Riding Horses in Saudi Arabia

The taxi sped across a dark, open landscape. On the horizon, silhouetted jibals stood out from the moonscape, flames out the top of flare stacks punctuated the night.
Some vehicles flew by nigh at 200 kmph, while others preferred to straddle lanes, yet others appeared to prefer driving in the sand alongside the road. All communicating with toots of the horn and flashing of the brights. An hour and several checkpoints later, green began to appear. Palm trees, flowers, grasses and reeds; we arrived in Udhailiyah (‘Flower City’ in Arabic) and I dropped into a jet lagged sleep.

Udhi-niqueThe next morning Omi took me around the Community. Surrounding the lush green of the dwellings rose our own jibal garden with a pleasant 5k track throughout. We meandered as the morning warmed, exploring on our way to Friday (Saudi weekend is Thursday and Friday) Morale Group, held in the movie theatre. From the bright patterns of the Nigerian dresses, to dancing as we sang, the international mix brought back a flavor from my childhood which I have long missed.

Lunch at the lush little Carlton Lounge and another jet-lag nap before dinner with friends. A fitful sleep, laced with dreams gave way to another day. Omi and I pedaled out to the stables where we met Akbar, the kind-hearted Bangladeshi stable manager. The three resident horses, welcomed us whinnyingly. Spirited and stately, these Arabians knew the land well.

Omi & Cheeky, riding past a jebel

Omi & Cheeky, riding past a jebel

Mounting up on Cheeky and Om’s buddy, Jimmi, we set out for what was my first ride on an English saddle. Across, about, and around we went, past the Wadi Al Saeed Golf Club. Absorbed in the rhythm and conversation of the ride, the morning passed quickly as the sun rose high into the sky.

A tour back through the Community and in particular, the commissary, where I was delighted to encounter my favorite Euro-sweets. We wandered along, meeting Omi’s many new acquaintances and friends.

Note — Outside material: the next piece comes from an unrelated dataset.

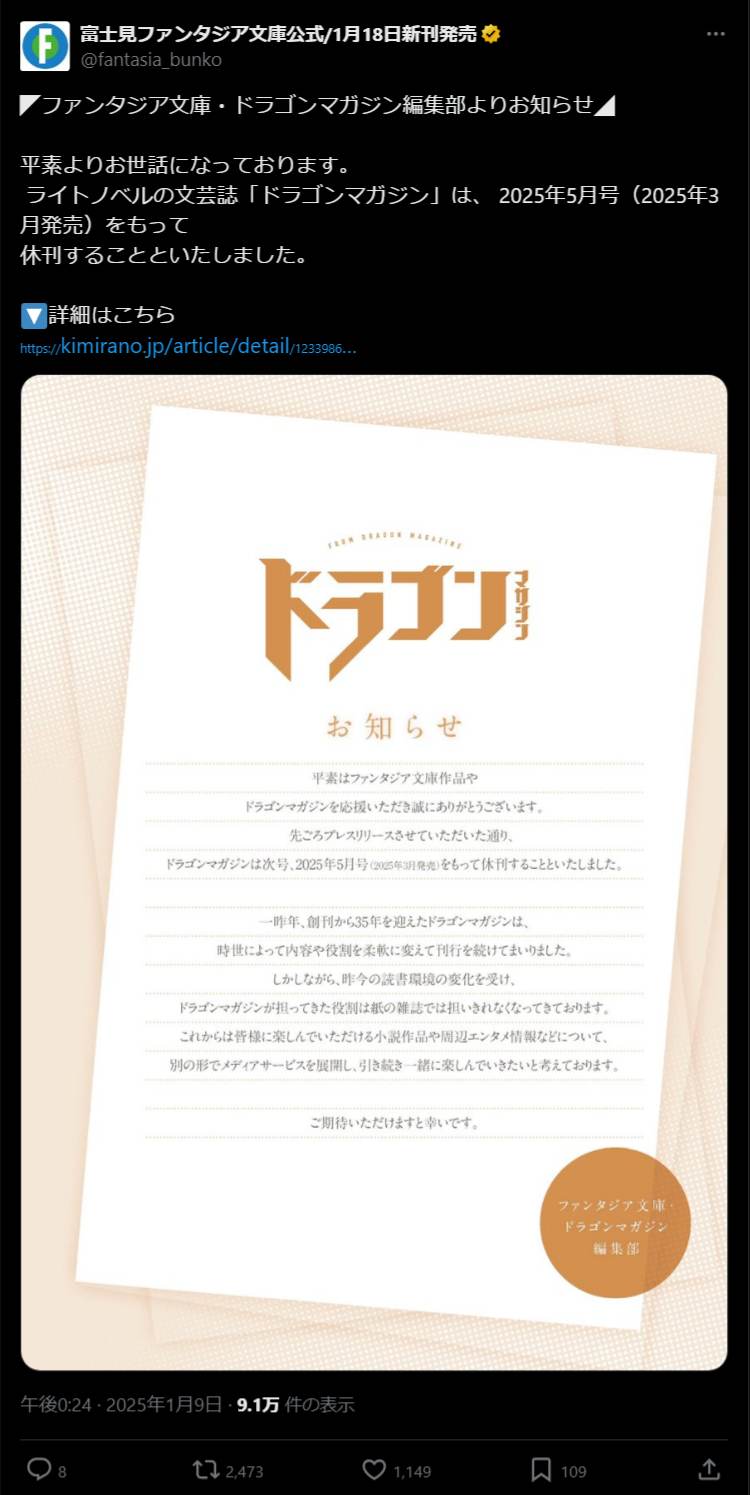 ドラゴンマガジン休刊このスレは古いので、もうすぐ消えます。

We picnicked behind the fountain, amidst a grove of trees, chatting and commiserating, as Mothers and Daughters have done yhtoughout the generations. Of all the wonders on this earth, the immaterial hold the most water. Which is of particular value, in this dry land.

Evening and night came and went and early again we rose, this time to Al Hassa, and Omi’s facility. Buildings over here, based on cinder block then stuccoed, range across all stages of construction, and dilapidation. Even buildings cracked through and littered with the ever-present windswept trash boasted elaborate doors of great detail and wealth.

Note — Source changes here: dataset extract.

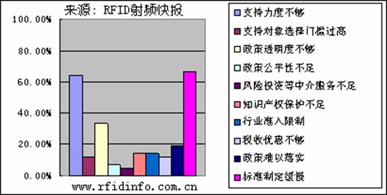 在我國(guó)RFID產(chǎn)業(yè)政策方面,2/3的調(diào)研對(duì)象認(rèn)為標(biāo)準(zhǔn)制定緩慢是國(guó)家在支持企業(yè)RFID產(chǎn)業(yè)化發(fā)展的主要問題,接近2/3的調(diào)研對(duì)象認(rèn)為國(guó)家對(duì)RFID產(chǎn)業(yè)化的支持力度不夠,有1/3的調(diào)研對(duì)象認(rèn)為政策透明度不夠,還有部分調(diào)研對(duì)象認(rèn)為政府在知識(shí)產(chǎn)權(quán)保護(hù)方面的力度不夠。

To say this land is foreign, would be a understatment. It seems almost other-worldly; from the language and thinking of the people, to the landscape. Yet basic tenants hold. For example, the desire to have and rear a family, to have a home (though here again, the Bedouin interpretation of this is far different from that of a Westerner).

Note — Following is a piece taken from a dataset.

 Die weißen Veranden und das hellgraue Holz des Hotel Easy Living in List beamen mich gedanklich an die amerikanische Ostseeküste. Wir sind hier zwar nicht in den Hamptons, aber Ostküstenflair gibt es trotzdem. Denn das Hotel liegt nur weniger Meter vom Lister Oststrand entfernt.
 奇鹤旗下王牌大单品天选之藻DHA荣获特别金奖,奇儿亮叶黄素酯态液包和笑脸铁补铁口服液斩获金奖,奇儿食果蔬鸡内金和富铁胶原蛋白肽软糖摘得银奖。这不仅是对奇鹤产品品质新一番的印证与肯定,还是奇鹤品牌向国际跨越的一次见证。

As a generalization, and after travel through several different cultures, I will be brazen enough to call it Ethnocentric of any culture to think they are the only to deal with Racism. In every corner of the world I’ve yet encountered, residents harbor some system of hierarchy; judgment cast and based, usually, on nationality. A disappointing and bemusing commonality to share; how can something we all have in common, be exactly the thing which keeps us apart?

Omi & Me in the JebelsAfter a morning of touring the facility and hearing of its developing vision and purpose, Om and I met Wilson, a driver familiar with the Aramco expat community, who drove us to visit a couple of points of local interest. I will pick up with these tales in the next entry. Of much greater import and interest is the ever pressing querries regarding women’s rights.

Better than I to speak to such subject matter, is Princess Ameerah. If you don’t have 4 minutes to hear what a woman has to say, well, first off you aren’t reading this right now; but secondly, a powerful synopsis was her response to the interviewer’s allegation that Western Women see Middle Eastern Women as backwards and as Second Class Citizens:

Come, and you’ll see. We are not backwards and we are not second class citizens. Maybe the rules are backwards and maybe the policies are backwards but it’s not us. We are very much educated and very much respected within our own families. We are entrepreneurs, business women, social leaders, interconnected, globalized, multi-lingual…if you just open your eyes, you will see them around you and you will see how powerful women in the region are.